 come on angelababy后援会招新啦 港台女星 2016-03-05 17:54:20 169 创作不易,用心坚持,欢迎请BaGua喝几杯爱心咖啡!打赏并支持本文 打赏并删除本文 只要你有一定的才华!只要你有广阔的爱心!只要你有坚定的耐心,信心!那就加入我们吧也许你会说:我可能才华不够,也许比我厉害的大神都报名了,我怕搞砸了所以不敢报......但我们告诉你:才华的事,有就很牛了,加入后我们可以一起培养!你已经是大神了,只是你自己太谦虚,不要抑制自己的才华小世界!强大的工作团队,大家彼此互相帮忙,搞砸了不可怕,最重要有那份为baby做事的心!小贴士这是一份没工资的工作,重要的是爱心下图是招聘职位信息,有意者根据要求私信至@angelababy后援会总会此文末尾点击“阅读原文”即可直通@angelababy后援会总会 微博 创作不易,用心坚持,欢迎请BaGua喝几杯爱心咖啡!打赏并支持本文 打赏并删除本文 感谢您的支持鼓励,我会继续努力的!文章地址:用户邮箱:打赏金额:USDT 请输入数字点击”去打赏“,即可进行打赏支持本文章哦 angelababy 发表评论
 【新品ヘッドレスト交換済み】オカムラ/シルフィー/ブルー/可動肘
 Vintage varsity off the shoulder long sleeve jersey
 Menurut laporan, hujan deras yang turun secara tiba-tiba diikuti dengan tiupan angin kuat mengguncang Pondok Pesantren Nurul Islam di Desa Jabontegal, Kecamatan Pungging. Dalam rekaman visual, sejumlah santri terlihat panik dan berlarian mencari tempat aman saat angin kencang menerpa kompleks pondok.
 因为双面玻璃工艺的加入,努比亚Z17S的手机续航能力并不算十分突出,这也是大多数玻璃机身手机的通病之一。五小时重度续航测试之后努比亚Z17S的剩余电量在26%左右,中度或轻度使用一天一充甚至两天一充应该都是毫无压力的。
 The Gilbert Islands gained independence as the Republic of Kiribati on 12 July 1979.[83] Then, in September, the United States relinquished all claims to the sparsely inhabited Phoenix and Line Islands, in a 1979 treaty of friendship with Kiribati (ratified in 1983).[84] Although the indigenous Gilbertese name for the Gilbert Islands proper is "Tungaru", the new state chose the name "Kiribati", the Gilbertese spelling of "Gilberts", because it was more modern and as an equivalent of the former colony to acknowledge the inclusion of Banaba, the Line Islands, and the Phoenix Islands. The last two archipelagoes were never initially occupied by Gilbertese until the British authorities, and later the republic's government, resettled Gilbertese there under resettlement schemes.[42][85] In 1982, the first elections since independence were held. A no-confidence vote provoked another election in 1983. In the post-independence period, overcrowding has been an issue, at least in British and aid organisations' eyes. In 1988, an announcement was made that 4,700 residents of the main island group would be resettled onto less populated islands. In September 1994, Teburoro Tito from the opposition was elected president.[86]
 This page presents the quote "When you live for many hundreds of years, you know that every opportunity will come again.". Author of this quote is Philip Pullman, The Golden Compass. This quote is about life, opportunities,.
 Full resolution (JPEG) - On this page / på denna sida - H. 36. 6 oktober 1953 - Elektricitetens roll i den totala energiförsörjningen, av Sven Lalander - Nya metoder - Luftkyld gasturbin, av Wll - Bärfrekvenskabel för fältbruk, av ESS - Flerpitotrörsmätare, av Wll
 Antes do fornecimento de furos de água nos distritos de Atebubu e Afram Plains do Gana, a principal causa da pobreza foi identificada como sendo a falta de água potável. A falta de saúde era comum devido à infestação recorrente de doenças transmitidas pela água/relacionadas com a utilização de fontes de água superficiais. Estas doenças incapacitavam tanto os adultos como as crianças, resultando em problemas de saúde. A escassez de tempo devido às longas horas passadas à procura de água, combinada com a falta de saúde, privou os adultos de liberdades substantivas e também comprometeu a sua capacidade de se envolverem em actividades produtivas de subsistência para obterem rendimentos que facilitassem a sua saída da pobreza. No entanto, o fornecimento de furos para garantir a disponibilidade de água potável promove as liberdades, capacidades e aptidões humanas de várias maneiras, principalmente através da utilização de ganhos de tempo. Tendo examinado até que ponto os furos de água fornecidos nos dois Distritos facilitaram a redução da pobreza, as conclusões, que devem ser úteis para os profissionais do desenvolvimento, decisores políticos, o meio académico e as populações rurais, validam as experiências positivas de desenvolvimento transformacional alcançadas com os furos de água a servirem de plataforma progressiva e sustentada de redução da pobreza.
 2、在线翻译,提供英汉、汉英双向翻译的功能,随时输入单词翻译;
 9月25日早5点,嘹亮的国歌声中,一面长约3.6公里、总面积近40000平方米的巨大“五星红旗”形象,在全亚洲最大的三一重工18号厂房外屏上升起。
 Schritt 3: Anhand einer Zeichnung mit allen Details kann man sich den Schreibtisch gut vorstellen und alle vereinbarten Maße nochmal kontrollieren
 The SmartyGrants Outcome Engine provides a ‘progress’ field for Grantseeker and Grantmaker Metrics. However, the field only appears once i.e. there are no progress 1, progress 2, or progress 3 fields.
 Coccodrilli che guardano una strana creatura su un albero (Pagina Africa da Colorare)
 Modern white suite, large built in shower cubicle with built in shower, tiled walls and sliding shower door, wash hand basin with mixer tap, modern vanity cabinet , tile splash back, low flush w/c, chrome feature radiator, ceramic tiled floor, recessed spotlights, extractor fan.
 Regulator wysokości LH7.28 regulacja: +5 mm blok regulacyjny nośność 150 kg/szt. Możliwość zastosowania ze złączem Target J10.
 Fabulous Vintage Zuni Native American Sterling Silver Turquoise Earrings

## Your assignment
Lines of the listing above that include the string "this" should each be copied.

## Answer to the problem
 This page presents the quote "When you live for many hundreds of years, you know that every opportunity will come again.". Author of this quote is Philip Pullman, The Golden Compass. This quote is about life, opportunities,.
 Full resolution (JPEG) - On this page / på denna sida - H. 36. 6 oktober 1953 - Elektricitetens roll i den totala energiförsörjningen, av Sven Lalander - Nya metoder - Luftkyld gasturbin, av Wll - Bärfrekvenskabel för fältbruk, av ESS - Flerpitotrörsmätare, av Wll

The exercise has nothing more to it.